In your copy, leave out all pictures and reproduce every entry exactly.

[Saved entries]
——

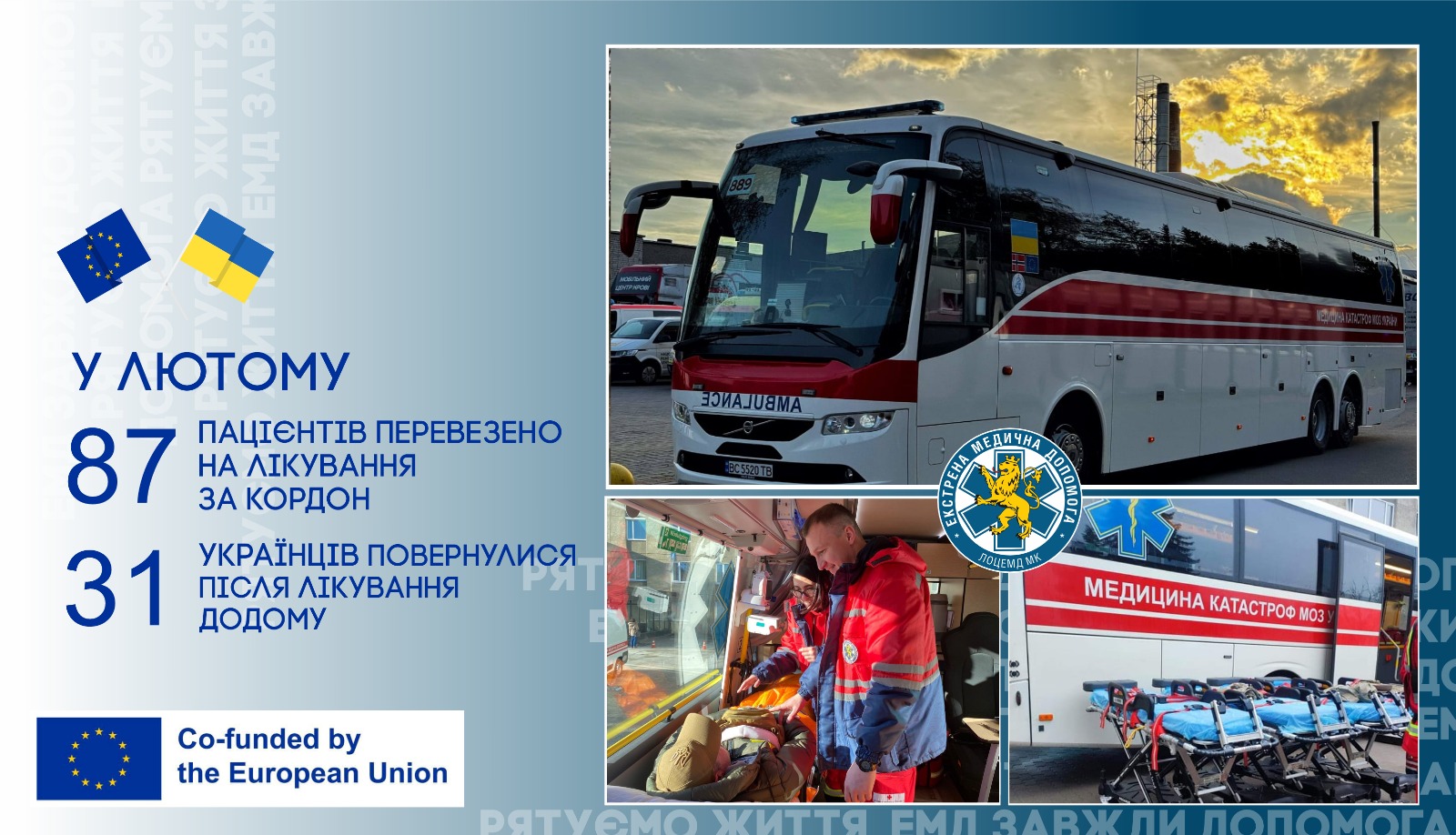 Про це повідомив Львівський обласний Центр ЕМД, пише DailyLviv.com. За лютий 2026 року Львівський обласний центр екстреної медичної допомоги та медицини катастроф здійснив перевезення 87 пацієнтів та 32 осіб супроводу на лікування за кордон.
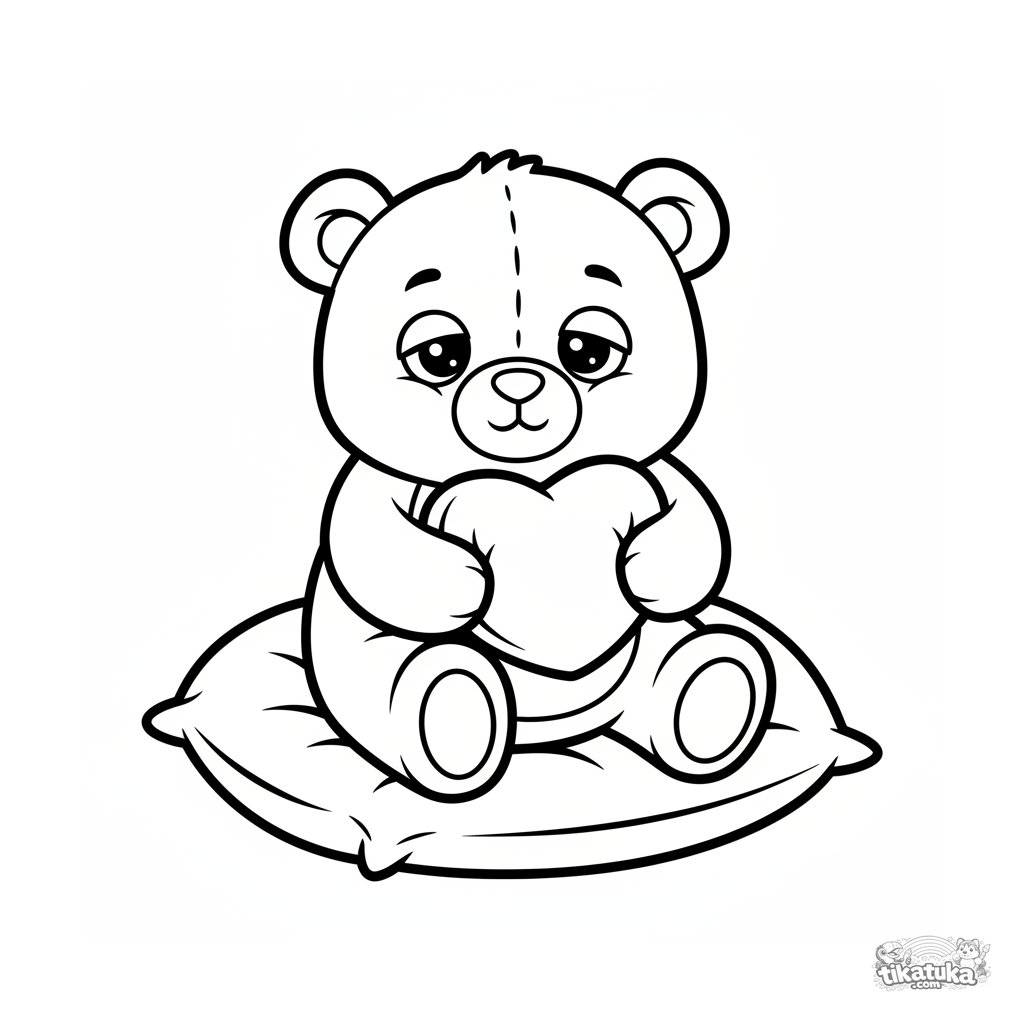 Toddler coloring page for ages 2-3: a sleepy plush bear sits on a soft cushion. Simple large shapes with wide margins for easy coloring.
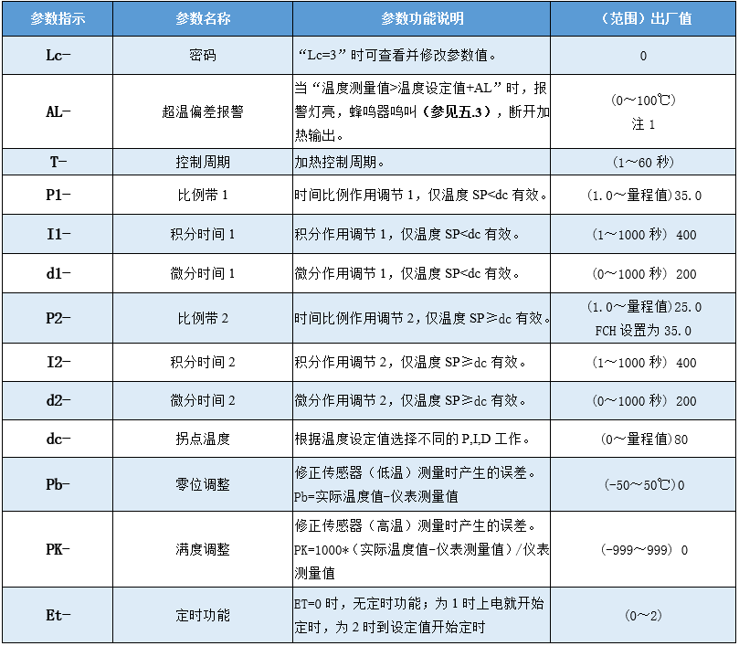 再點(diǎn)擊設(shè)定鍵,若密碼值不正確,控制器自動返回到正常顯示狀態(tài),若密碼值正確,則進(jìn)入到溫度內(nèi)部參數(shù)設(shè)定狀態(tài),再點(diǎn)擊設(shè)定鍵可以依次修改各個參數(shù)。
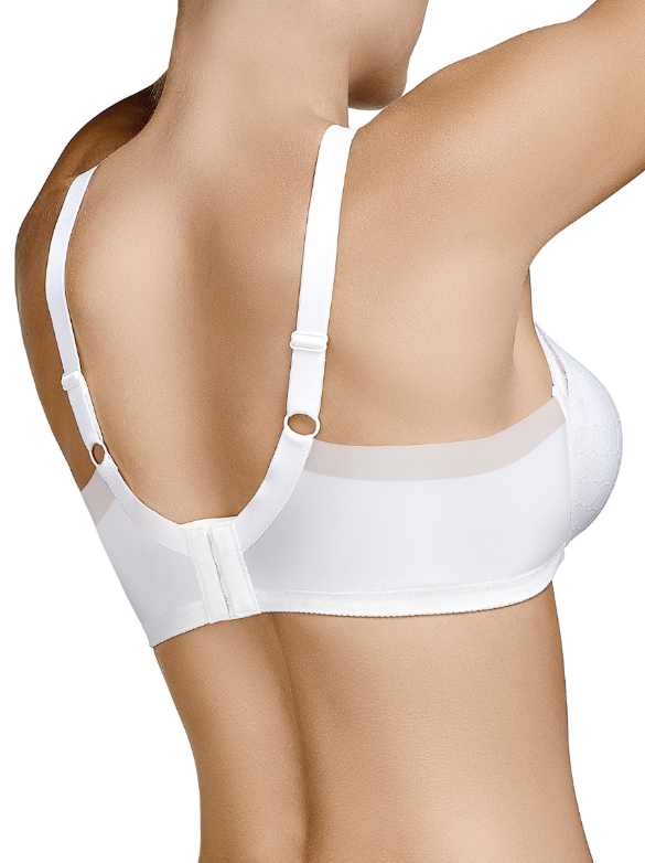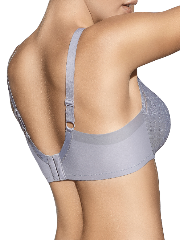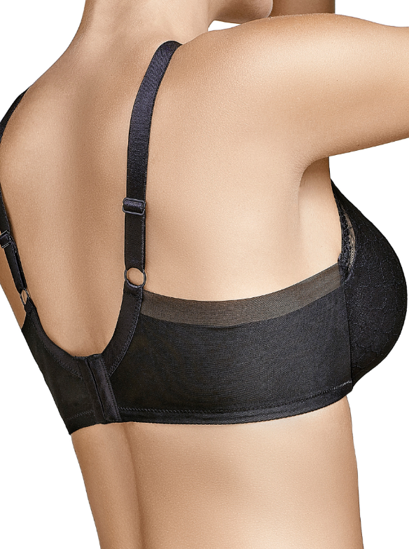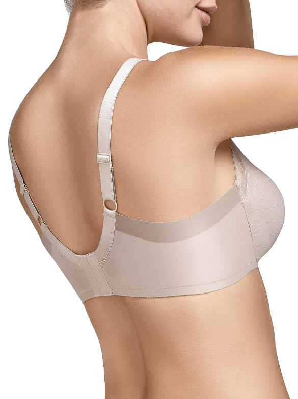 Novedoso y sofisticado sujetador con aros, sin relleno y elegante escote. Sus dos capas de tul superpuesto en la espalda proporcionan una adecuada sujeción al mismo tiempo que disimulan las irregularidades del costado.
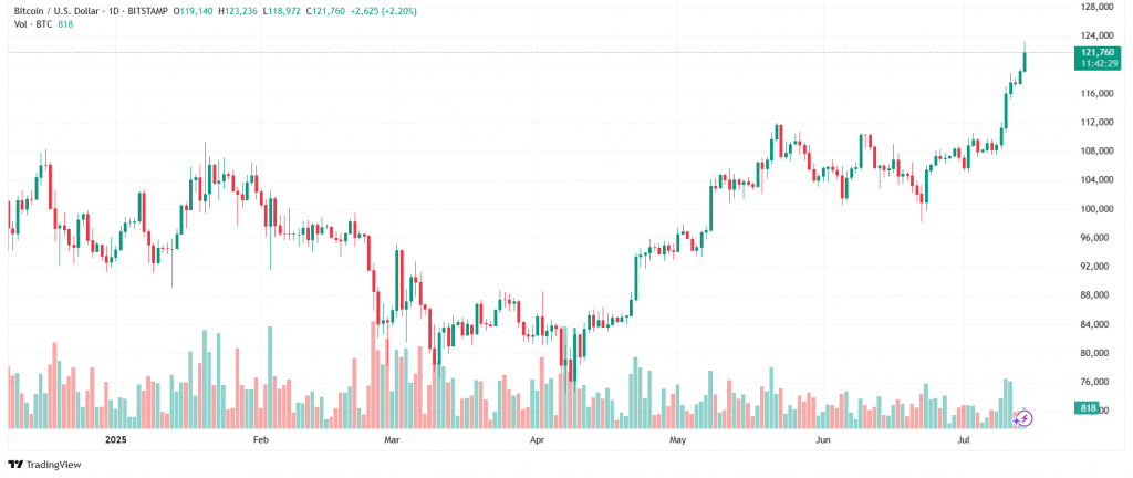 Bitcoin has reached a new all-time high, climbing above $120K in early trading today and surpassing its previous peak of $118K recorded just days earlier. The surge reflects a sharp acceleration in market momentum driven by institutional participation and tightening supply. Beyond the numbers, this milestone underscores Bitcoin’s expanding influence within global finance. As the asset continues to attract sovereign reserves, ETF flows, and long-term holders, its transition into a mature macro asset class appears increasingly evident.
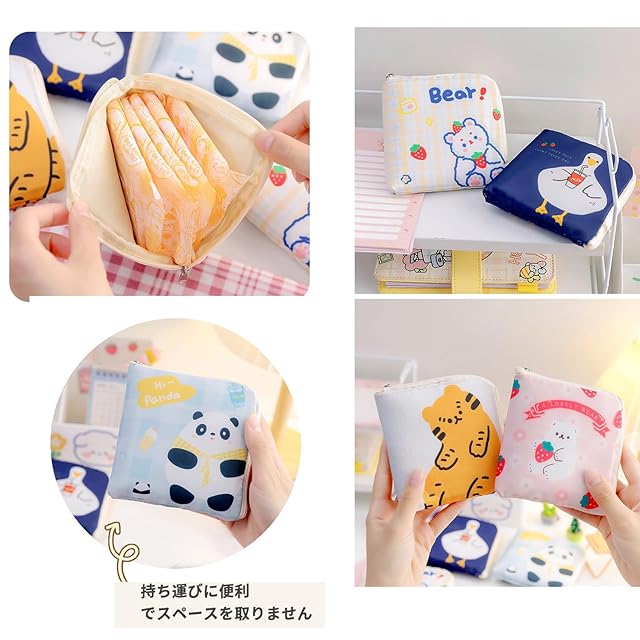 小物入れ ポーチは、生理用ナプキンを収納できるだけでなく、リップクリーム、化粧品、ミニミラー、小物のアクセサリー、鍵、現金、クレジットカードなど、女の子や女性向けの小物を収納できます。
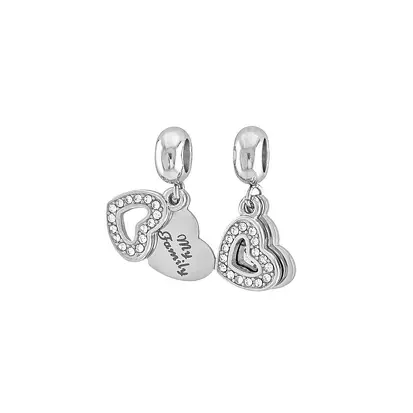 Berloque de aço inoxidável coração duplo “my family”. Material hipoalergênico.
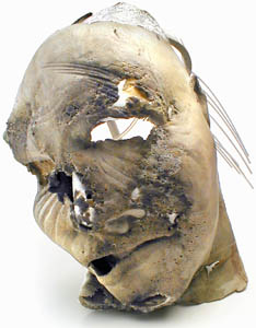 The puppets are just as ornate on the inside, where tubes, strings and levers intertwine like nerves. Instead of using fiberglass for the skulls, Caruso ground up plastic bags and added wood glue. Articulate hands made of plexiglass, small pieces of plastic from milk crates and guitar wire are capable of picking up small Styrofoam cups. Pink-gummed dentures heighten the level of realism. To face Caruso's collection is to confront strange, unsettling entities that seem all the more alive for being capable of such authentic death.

——

- _Your response_
 Про це повідомив Львівський обласний Центр ЕМД, пише DailyLviv.com. За лютий 2026 року Львівський обласний центр екстреної медичної допомоги та медицини катастроф здійснив перевезення 87 пацієнтів та 32 осіб супроводу на лікування за кордон.
 Toddler coloring page for ages 2-3: a sleepy plush bear sits on a soft cushion. Simple large shapes with wide margins for easy coloring.
 再點(diǎn)擊設(shè)定鍵,若密碼值不正確,控制器自動返回到正常顯示狀態(tài),若密碼值正確,則進(jìn)入到溫度內(nèi)部參數(shù)設(shè)定狀態(tài),再點(diǎn)擊設(shè)定鍵可以依次修改各個參數(shù)。
 Novedoso y sofisticado sujetador con aros, sin relleno y elegante escote. Sus dos capas de tul superpuesto en la espalda proporcionan una adecuada sujeción al mismo tiempo que disimulan las irregularidades del costado.
 Bitcoin has reached a new all-time high, climbing above $120K in early trading today and surpassing its previous peak of $118K recorded just days earlier. The surge reflects a sharp acceleration in market momentum driven by institutional participation and tightening supply. Beyond the numbers, this milestone underscores Bitcoin’s expanding influence within global finance. As the asset continues to attract sovereign reserves, ETF flows, and long-term holders, its transition into a mature macro asset class appears increasingly evident.
 小物入れ ポーチは、生理用ナプキンを収納できるだけでなく、リップクリーム、化粧品、ミニミラー、小物のアクセサリー、鍵、現金、クレジットカードなど、女の子や女性向けの小物を収納できます。
 Berloque de aço inoxidável coração duplo “my family”. Material hipoalergênico.
 The puppets are just as ornate on the inside, where tubes, strings and levers intertwine like nerves. Instead of using fiberglass for the skulls, Caruso ground up plastic bags and added wood glue. Articulate hands made of plexiglass, small pieces of plastic from milk crates and guitar wire are capable of picking up small Styrofoam cups. Pink-gummed dentures heighten the level of realism. To face Caruso's collection is to confront strange, unsettling entities that seem all the more alive for being capable of such authentic death.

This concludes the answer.